UNITED STATES SECURITIES AND EXCHANGE COMMISSION
                            WASHINGTON, D.C.  20549

                                  FORM 10-K/A

                                Amendment No. 1

[X] ANNUAL REPORT PURSUANT TO SECTION 13 or 15(d) OF THE SECURITIES EXCHANGE
     ACT OF 1934
    For the fiscal year ended December 31, 2003.

[ ] TRANSITION REPORT PURSUANT TO SECTION 13 OR 15(d) OF THE SECURITIES
     EXCHANGE ACT OF 1934
    For the transition period from                     to                    .

                        Commission File Number 0-25236

                    M I C R E L,   I N C O R P O R A T E D
            (Exact name of Registrant as specified in its charter)

              California                                   94-2526744
(State or other jurisdiction                            (I.R.S. Employer
of incorporation or Organization)                       Identification No.)


                 2180 Fortune Drive, San Jose, CA       95131
              (Address of principal executive offices) (Zip Code)

   Registrant's telephone number, including area code: (408) 944-0800

Securities registered pursuant to Section 12(b) of the Act:   None

Securities registered pursuant to Section 12(g) of the Act:   Common Stock, no
par value

   Indicate by check mark whether the registrant (1) has filed all reports
required to be filed by Section 13 or 15(d) of the Securities Exchange Act of
1934 during the preceding 12 months (or for such shorter period that the
registrant was required to file such reports), and (2) has been subject to
such filing requirements for the past 90 days.  Yes [X]   No [ ]

   Indicate by check mark if disclosure of delinquent filers pursuant to Item
405 of Regulation S-K is not contained herein, and will not be contained, to
the best of registrant's knowledge, in definitive proxy or information
statements incorporated by reference in Part III of this Form 10-K or any
amendment to this Form 10-K. [ ]

   Indicate by check mark whether the registrant is an accelerated filer (as
defined in Rule 12b-2 of the Act. Yes [X] No [ ]

   As of March 1, 2004, the aggregate market value of the voting stock held by
non-affiliates of the Registrant was approximately $1,256,517,723 based upon
the closing sales price of the Common Stock as reported on the Nasdaq National
Market on such date. Shares of Common Stock held by officers, directors and
holders of more than ten percent of the outstanding Common Stock have been
excluded from this calculation because such persons may be deemed to be
affiliates. The determination of affiliate status is not necessarily a
conclusive determination for other purposes.

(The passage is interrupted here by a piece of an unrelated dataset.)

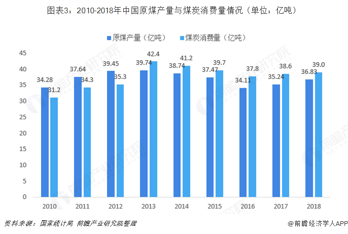 2018年,全年原煤產(chǎn)量36.8億噸,同比增長4.5%,連續(xù)兩年出現(xiàn)增長。煤炭供給側結構性改革深入推進,“十三五”煤炭去產(chǎn)能主要目標基本完成。2018年,我國煤炭消費總量達到39億噸,同比增長1.0%。這是繼2017年以來煤炭消費連續(xù)第二年出現(xiàn)增長。

   As of March 1, 2004, the Registrant had outstanding 92,570,951 shares of
Common Stock.


                      DOCUMENTS INCORPORATED BY REFERENCE:

   Portions of the Registrant's Proxy Statement for its Annual Meeting of
Shareholders to be held on May 27, 2004 are incorporated by reference in Part
III of this Report.




                                EXPLANATORY NOTE

   This amendment to Micrel, Incorporated's Annual Report on Form 10-K for the
fiscal year ended December 31, 2003, is being filed to amend Item 9A. Controls
and Procedures, to conform the wording more closely to that required by Items
307 and 308(c) of Regulation S-K. No revisions have been made to the Micrel
Incorporated financial statements or any other disclosures contained in the
Annual Report.


ITEM 9A.  CONTROLS AND PROCEDURES

   The Company maintains disclosure controls and procedures that are designed
to ensure that information required to be disclosed in the Company's reports
under the Securities Exchange Act of 1934 is recorded, processed, summarized
and reported within the time periods specified in the rules and forms of the
Securities and Exchange Commission, and that such information is accumulated
and communicated to the Company's management, including its chief executive
officer and chief financial officer, as appropriate, to allow timely decisions
regarding required disclosure. In designing and evaluating the disclosure
controls and procedures, management recognizes that any controls and
procedures, no matter how well designed and operated, can provide only
reasonable assurance of achieving the desired control objectives, and
management necessarily is required to apply its judgment in evaluating the
cost-benefit relationship of possible controls and procedures.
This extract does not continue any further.